Basic financial liabilities
Basic financial liabilities, including creditors, bank loans, loans from fellow group companies and preference shares that are classified as debt, are initially recognised at transaction price unless the arrangement constitutes a financing transaction, where the debt instrument is measured at the present value of the future payments discounted at a market rate of interest. Financial liabilities classified as payable within one year are not amortised.

Debt instruments are subsequently carried at amortised cost, using the effective interest rate method.

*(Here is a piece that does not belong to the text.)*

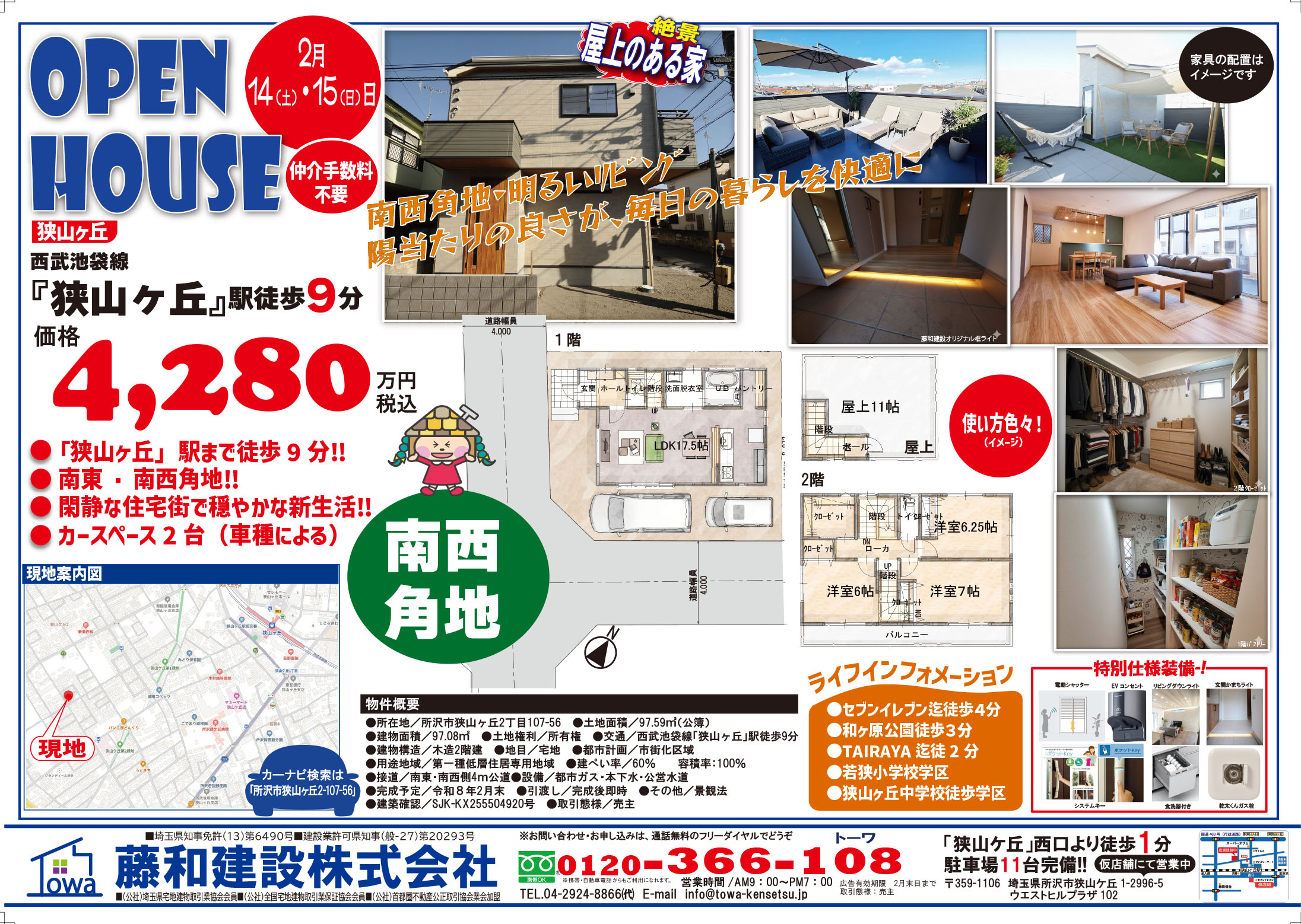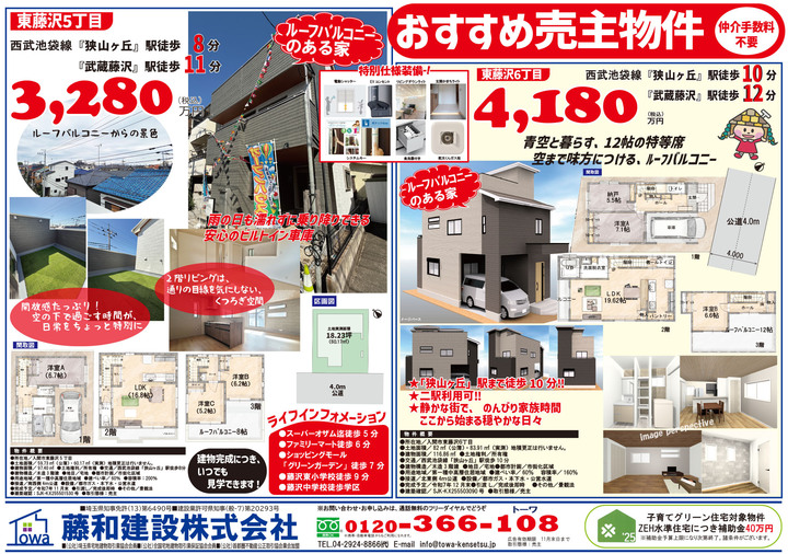 藤和建設株式会社は、所沢エリアを中心とした、新築一戸建て・増改築・リフォーム・土地販売を主な業務としている不動産会社で、西武池袋線狭山ヶ丘駅から徒歩2分のアットホームなお店です。お客様の大切なお住まいを、地域に密着した不動産会社である弊社スタッフが納得いくまで責任を持ってお手伝い致します!売主物件『木家nity』シリーズは、間取りや収納スペースの確保にこだわりを持ち、物件ごとに快適に暮らせる工夫が施されています。また、広々とした「屋上つきの家」であなただけのプライベート空間を楽しめます。もちろん、ご購入後のアフターサービスも当社にお任せください!

Trade creditors are obligations to pay for goods or services that have been acquired in the ordinary course of business from suppliers. Amounts payable are classified as current liabilities if payment is due within one year or less. If not, they are presented as non-current liabilities. Trade creditors are recognised initially at transaction price and subsequently measured at amortised cost using the effective interest method.

Equity instruments
Equity instruments issued by the Company are recorded at the fair value of cash or other resources received or receivable, net of direct issue costs. If payment is deferred and the time value of money is material, the initial measurement is on a present value basis. Dividends payable on equity instruments are recognised as liabilities once they are no longer at the discretion of the Company.

Ordinary share capital

The ordinary share capital of the Company is presented as equity.

Dividends

Equity dividends are recognised when they become legally payable. Interim equity dividends are recognised when paid. Final equity dividends are recognised when approved by the shareholders at an annual general meeting.

2. Employees

2023 2022
Number Number
Monthly average number of persons employed by the Company during the year, including the director 2 2

3. Intangible assets

Other intangible assets Total
£ £
Cost
At 01 November 2022 4,167 4,167
At 31 October 2023 4,167 4,167
Accumulated amortisation
At 01 November 2022 0 0
At 31 October 2023 0 0
Net book value
At 31 October 2023 4,167 4,167
At 31 October 2022 4,167 4,167

4. Tangible assets

Land and buildings Plant and machinery etc. Total
£ £ £
Cost
At 01 November 2022 0 0 0
Additions 11,811 350 12,161
At 31 October 2023 11,811 350 12,161
Accumulated depreciation
At 01 November 2022 0 0 0
Charge for the financial year 98 11 109
At 31 October 2023 98 11 109
Net book value
At 31 October 2023 11,713 339 12,052
At 31 October 2022 0 0 0

5. Debtors

2023 2022
£ £
Trade debtors 20,553 24,641
Other debtors 7,257 81,333
27,810 105,974

6. Creditors: amounts falling due within one year

2023 2022
£ £
Corporation tax 14,806 18,212
Other taxation and social security 9,197 4,221
Other creditors 8,791 5,429
32,794 27,862

7. Related party transactions

Transactions with the entity's director

2023 2022
£ £
Dividends paid 116,000 76,000
Amounts advanced and due to the Company at the balance sheet date 7,257 81,333

Advances

An advance was made to the director in the form of a director's loan. There are no formal terms or conditions associated with the loan, however interest is charged at HMRC's official rate for beneficial loans where the balance due exceeds £10,000. This ranged between 2% and 2.25% over the current reporting period. The balance outstanding at year end will be repaid within nine months of the balance sheet date, and as such is considered as due within one year.

The opening balance of the loan was £81,333, further advances totaled £41,410, interest of £514 was charged, and amounts repaid totaled £116,000. This left a closing balance of £7,257 advanced to the director at the balance sheet date.